### Task data

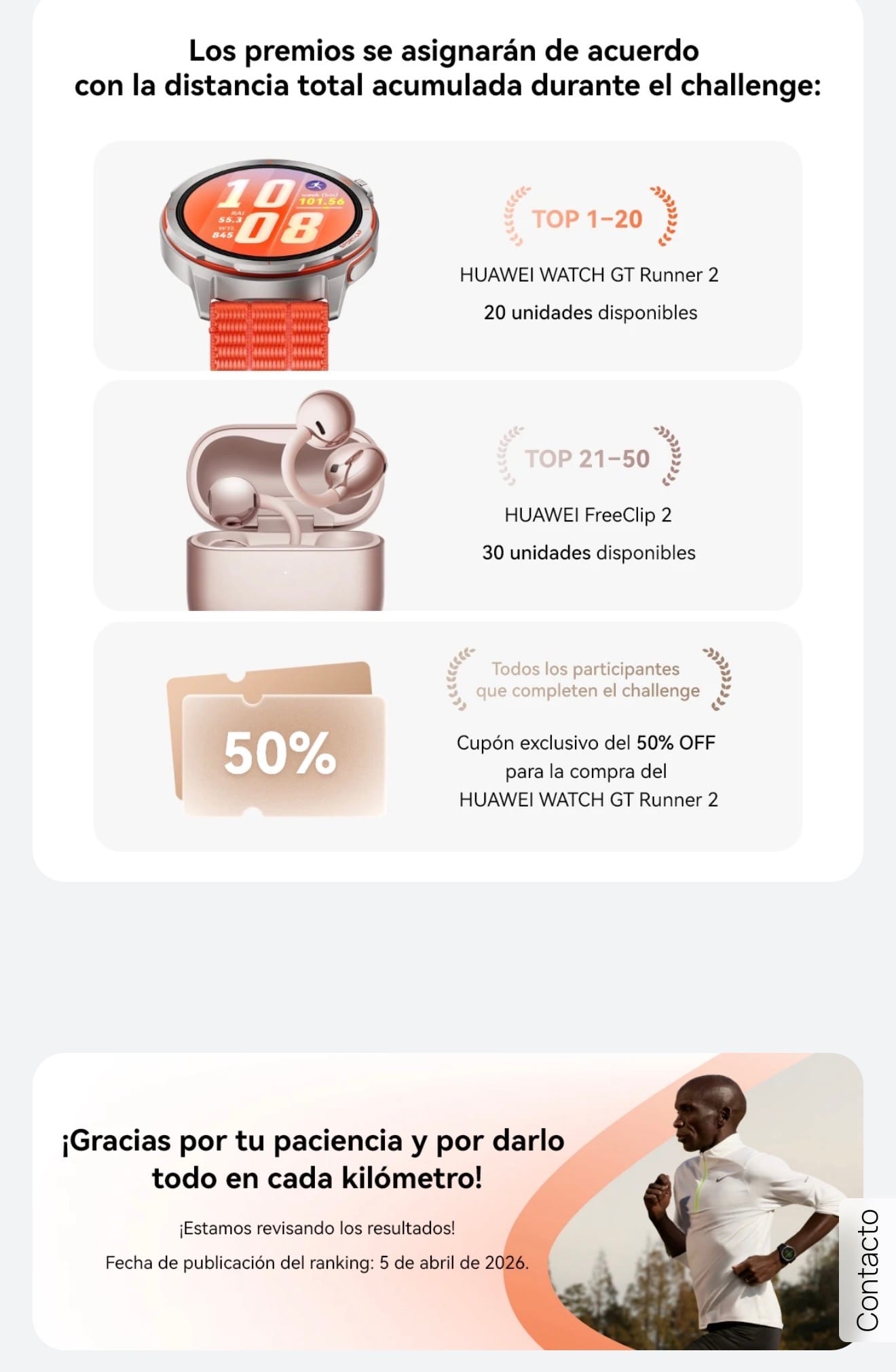 - Todos los participantes que completen los 100K: Desbloquearán un exclusivo cupón del 50% de descuento para la compra online del HUAWEI WATCH GT Runner 2.
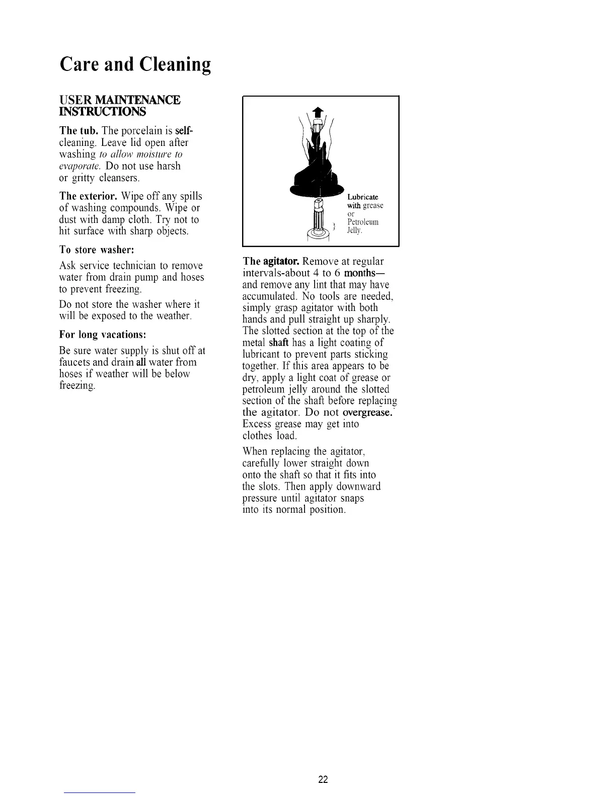 the agitator. Do not overgrease.
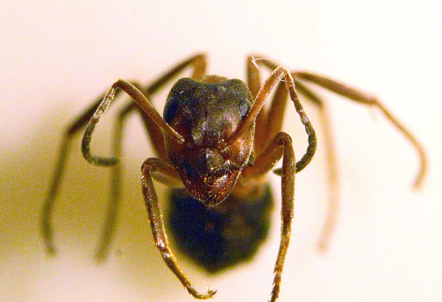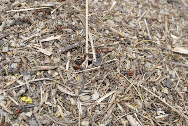 Todo lo observado en cuanto a ubicación y materiales del domo me hizo pensar que estaba ante una especie diferente de las que construyen domos en bosques. En casa, al observar la cabeza de las obreras vi que la parte superior estaba escotada. En la imagen número 13, se puede ver una vista frontal de la cabeza de una obrera donde se ve claramente esta hendidura. Digamos que la cabeza es en forma de corazón. Esto me indicó que estaba ante especies del subgénero Coptorformica. Desde lejos, el aspecto de las obreras es muy parecido a las otras que forman domos con acículas y también su coloración roja y negra. De igual manera, tienen el gastro negro, el tórax rojo y la cabeza de ambos colores. Sin embargo, las obreras de Coptoformica no tienen nítidamente separadas en la cabeza las partes negras de las rojas, sino que consiste en un degradado. En la imagen número 14, se pueden ver obreras sobre papel milimetrado. Aproximadamente miden entre 4 y 6 mm.
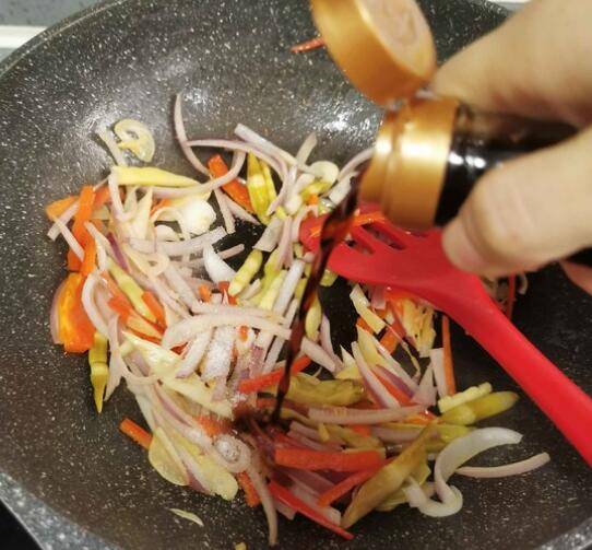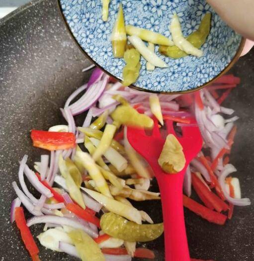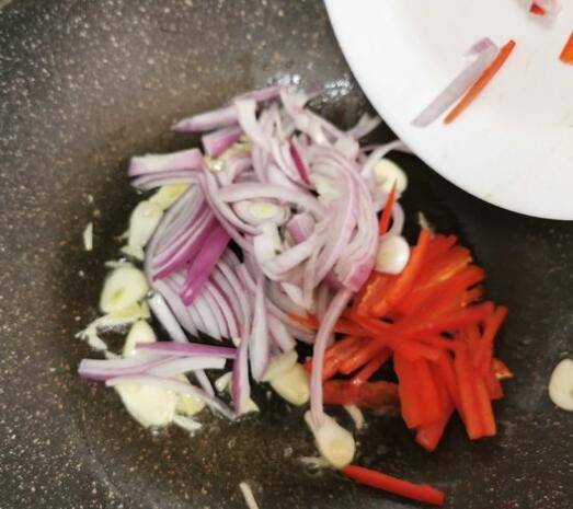 3、倒入洋葱红椒丝,快速翻炒均匀。
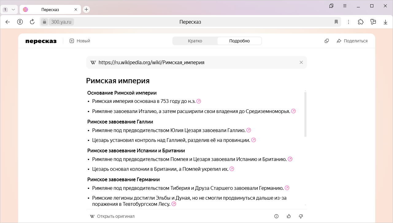 4. YandexGPT neyron tarmogʻi maqola, video yoki matnli hujjatni tahlil qilishni boshlaydi. Oynada asosiy tezislar paydo boʻladi.
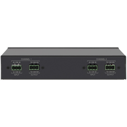 TR-92 – линейный трансформатор для трансляционных линий напряжением 70/100 В, стерео. Пассивные линейные трансформаторы серии TR предназначены для преобразования усиленного аудиосигнала низкоомного усилителя (4 или 8 Ом) в высоковольтный аудиосигнал для акустических систем трансляционных линий 70/100 В. Линейный трансформатор является, таким образом, преобразователем импедансов. Максимальная коммутируемая мощность ТR-92 составляет 100 Вт на каждый канал (2x100 Вт). Входные и выходные терминалы реализованы на клеммных колодках типа Phoenix. Прибор имеет два параллельных идентичных канала, для подключения стереоусилителя или двух моноусилителей. Устройство не требует электропитания и обеспечивает низкий уровень искажений и потерь. В качестве опции доступен адаптер RK-1 для установки прибора в рэковую стойку.
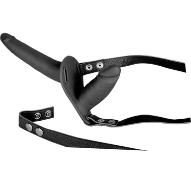 This comfortable silicone strap-on provides insertion stimulation for both parties with a smaller vaginal plug dong on the inside for the giver and the larger external dong for the receiver. With a stylish and comfy dome-snap adjustable faux-leather strap and silicone dong.
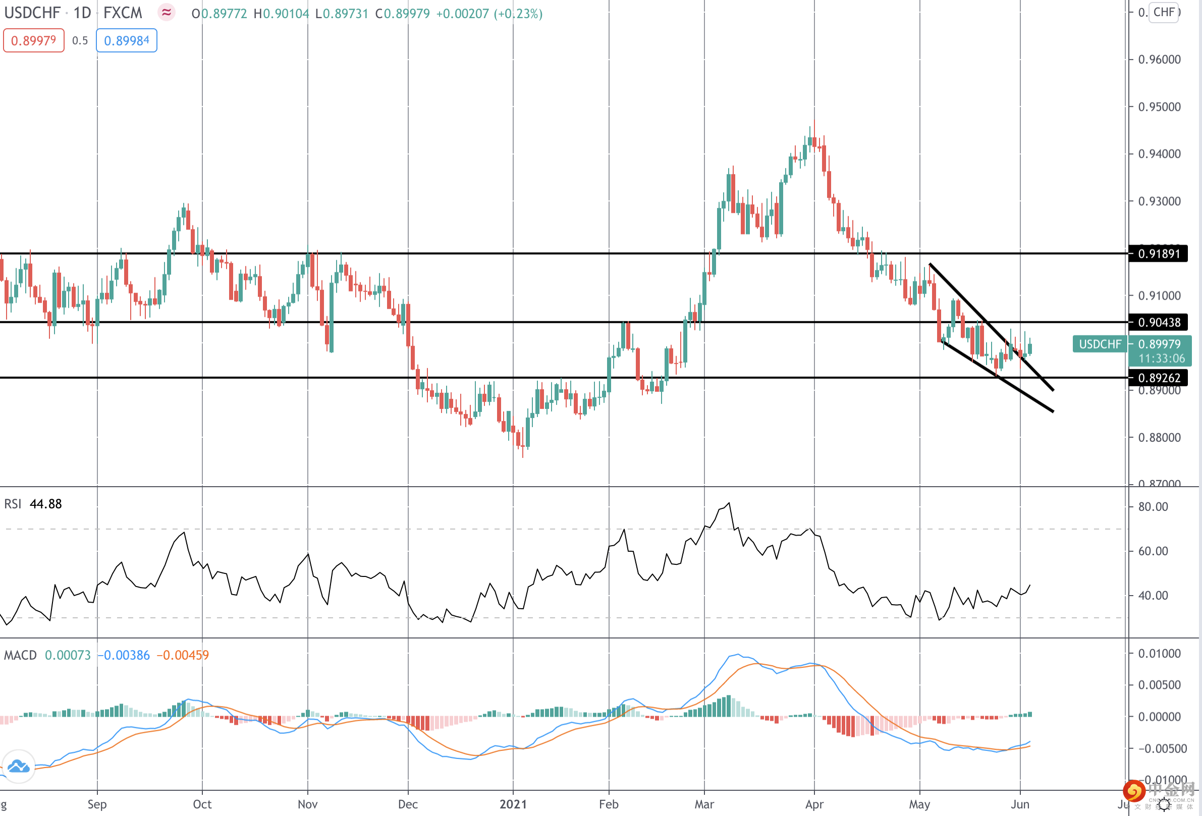 自第一季度高点以来,美元兑瑞郎一直在稳步下跌。然而,随着价格测试 0.8926 水平,最近的走低已经看到大量看涨背离出现,这表明市场已准备好反转。我们已经看到了局部下降楔形模式的突破,尽管还没有跟进。如果今天的数据不错,价格应该会突破 0.9043 的水平,多头首先瞄准 0.9181。如果数据疲软,美元可能会继续走低。
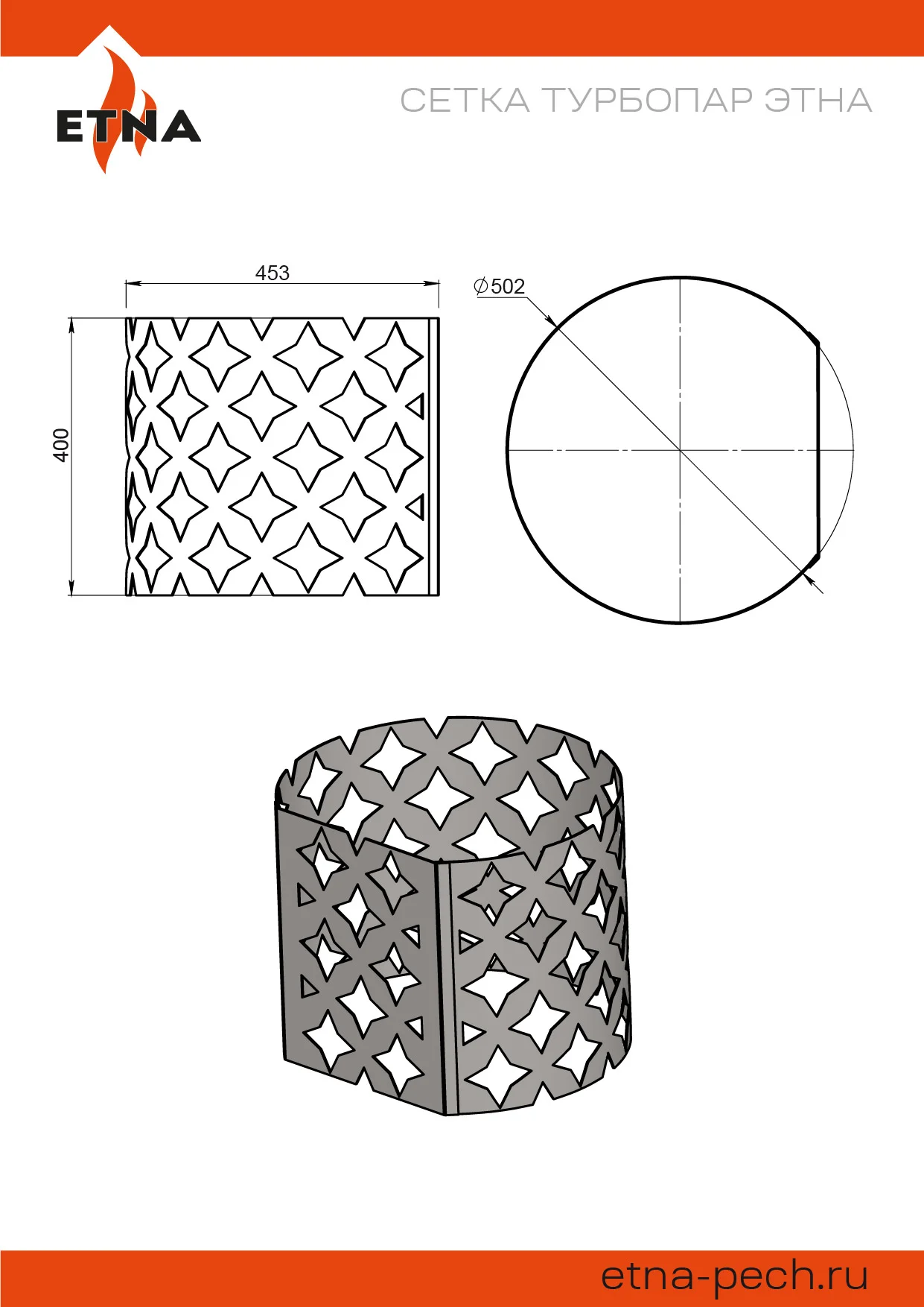 Сетка Турбопар Этна отличный вариант дизайнерского и функционального решения, если вы не хотите устанавливать на свою печь стандартную сетку под камни, а хотите украсить свою печь.

### What to produce
The listing above needs to be output again exactly. Don't include the pictures.

### Result of the exercise
 - Todos los participantes que completen los 100K: Desbloquearán un exclusivo cupón del 50% de descuento para la compra online del HUAWEI WATCH GT Runner 2.
 the agitator. Do not overgrease.
 Todo lo observado en cuanto a ubicación y materiales del domo me hizo pensar que estaba ante una especie diferente de las que construyen domos en bosques. En casa, al observar la cabeza de las obreras vi que la parte superior estaba escotada. En la imagen número 13, se puede ver una vista frontal de la cabeza de una obrera donde se ve claramente esta hendidura. Digamos que la cabeza es en forma de corazón. Esto me indicó que estaba ante especies del subgénero Coptorformica. Desde lejos, el aspecto de las obreras es muy parecido a las otras que forman domos con acículas y también su coloración roja y negra. De igual manera, tienen el gastro negro, el tórax rojo y la cabeza de ambos colores. Sin embargo, las obreras de Coptoformica no tienen nítidamente separadas en la cabeza las partes negras de las rojas, sino que consiste en un degradado. En la imagen número 14, se pueden ver obreras sobre papel milimetrado. Aproximadamente miden entre 4 y 6 mm.
 3、倒入洋葱红椒丝,快速翻炒均匀。
 4. YandexGPT neyron tarmogʻi maqola, video yoki matnli hujjatni tahlil qilishni boshlaydi. Oynada asosiy tezislar paydo boʻladi.
 TR-92 – линейный трансформатор для трансляционных линий напряжением 70/100 В, стерео. Пассивные линейные трансформаторы серии TR предназначены для преобразования усиленного аудиосигнала низкоомного усилителя (4 или 8 Ом) в высоковольтный аудиосигнал для акустических систем трансляционных линий 70/100 В. Линейный трансформатор является, таким образом, преобразователем импедансов. Максимальная коммутируемая мощность ТR-92 составляет 100 Вт на каждый канал (2x100 Вт). Входные и выходные терминалы реализованы на клеммных колодках типа Phoenix. Прибор имеет два параллельных идентичных канала, для подключения стереоусилителя или двух моноусилителей. Устройство не требует электропитания и обеспечивает низкий уровень искажений и потерь. В качестве опции доступен адаптер RK-1 для установки прибора в рэковую стойку.
 This comfortable silicone strap-on provides insertion stimulation for both parties with a smaller vaginal plug dong on the inside for the giver and the larger external dong for the receiver. With a stylish and comfy dome-snap adjustable faux-leather strap and silicone dong.
 自第一季度高点以来,美元兑瑞郎一直在稳步下跌。然而,随着价格测试 0.8926 水平,最近的走低已经看到大量看涨背离出现,这表明市场已准备好反转。我们已经看到了局部下降楔形模式的突破,尽管还没有跟进。如果今天的数据不错,价格应该会突破 0.9043 的水平,多头首先瞄准 0.9181。如果数据疲软,美元可能会继续走低。
 Сетка Турбопар Этна отличный вариант дизайнерского и функционального решения, если вы не хотите устанавливать на свою печь стандартную сетку под камни, а хотите украсить свою печь.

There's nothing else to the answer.